Monday, January 28, 2019

How Overweight Are Americans?

When the General Social Survey is taken every two years, GSS interviewers who talk to respondents in person are asked to rate respondents and their home and neighborhood on a variety of measures. How clean is their home, and how safe is their neighborhood? How attractive is the respondent, how well groomed, and how overweight? The answers to these questions can reveal interviewer bias and, over time, perhaps changes in the health and wellbeing of the public. Here is what GSS interviewers thought about the weight of Americans (the nationally representative sample of respondents to the GSS) in 2016...

How would you rate the respondent's weight?
  5.7% very overweight
26.7% overweight
60.2% about the right weight
  6.6% slightly underweight
  0.9% very underweight

GSS interviewers clearly don't know what overweight looks like since they report that only 32 percent of respondents are overweight or very overweight.
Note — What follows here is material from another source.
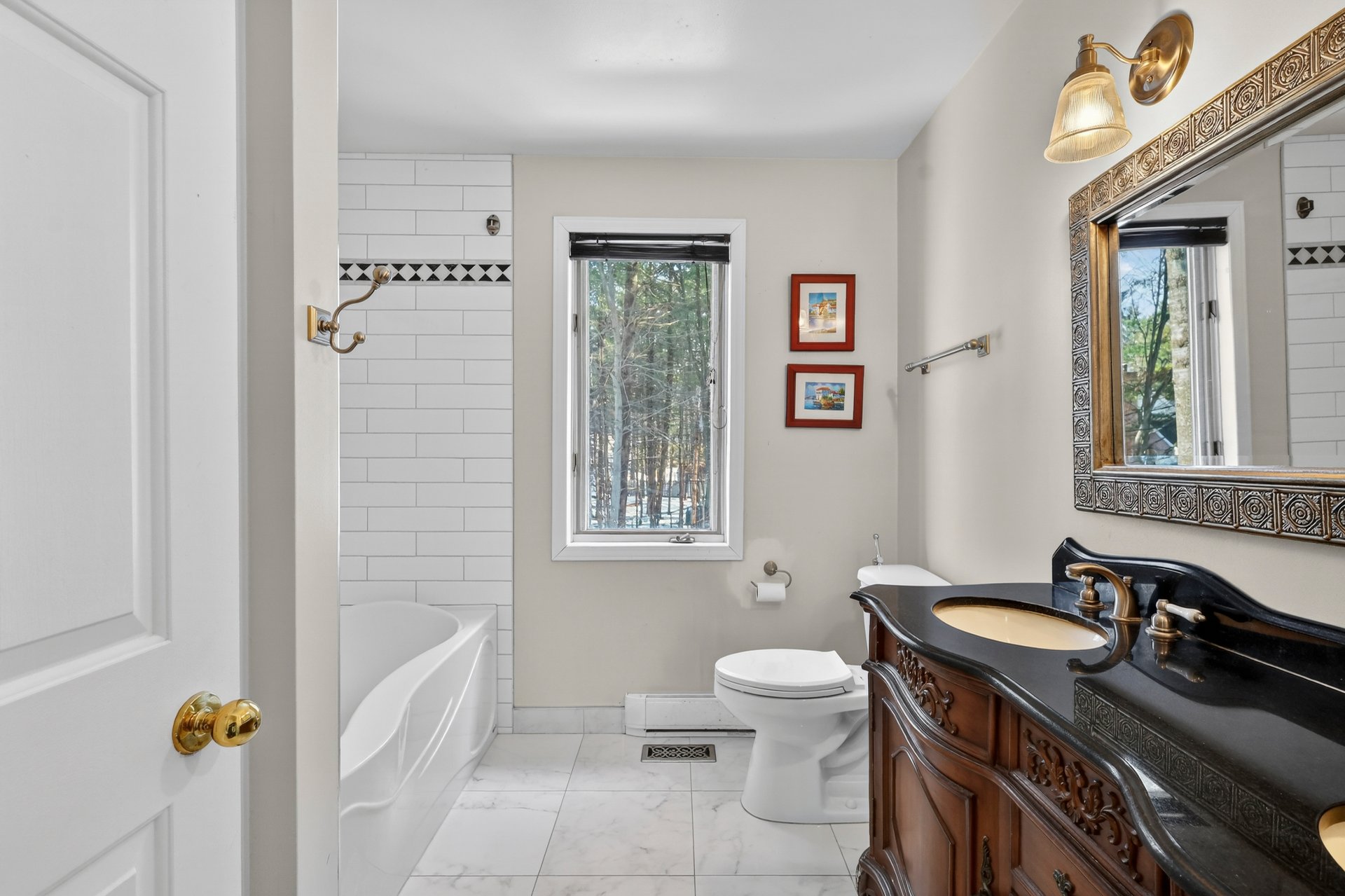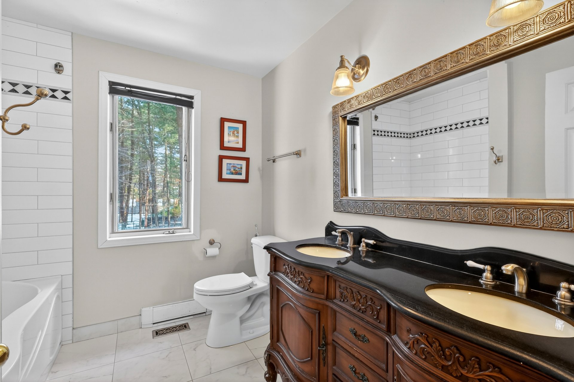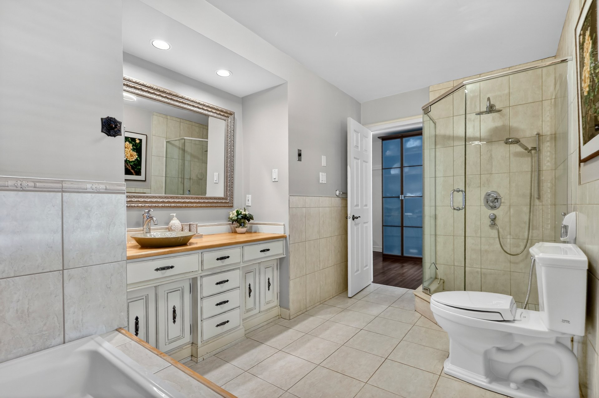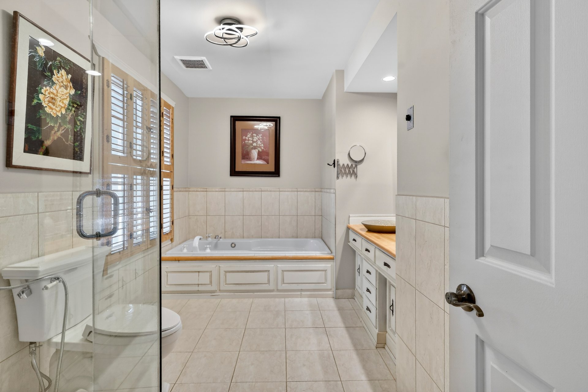 Upstairs, the spacious primary suite offers a private sitting area, walk-in closet, and an ensuite bathroom with a jacuzzi tub and separate shower.

Measurements of a nationally representative sample of the population, taken by the federal government’s National Health and Nutrition Examination Survey, show that a much larger 70 percent of the public is overweight and 40 percent is obese. GSS interviewers report that most respondents (68 percent!) are the right weight or underweight, but in reality just 30 percent of the public is normal or underweight.

It’s no surprise that GSS interviewers are poor judges of weight. The public is bad at judging weight too—especially their own. Only 43 percent of obese Americans know they’re obese, according to one study. The rest think they are about the right weight or only overweight and not obese. A Gallup survey finds that just 35 percent of men and 40 percent of women think they are overweight, well below the 70 percent measured by the government.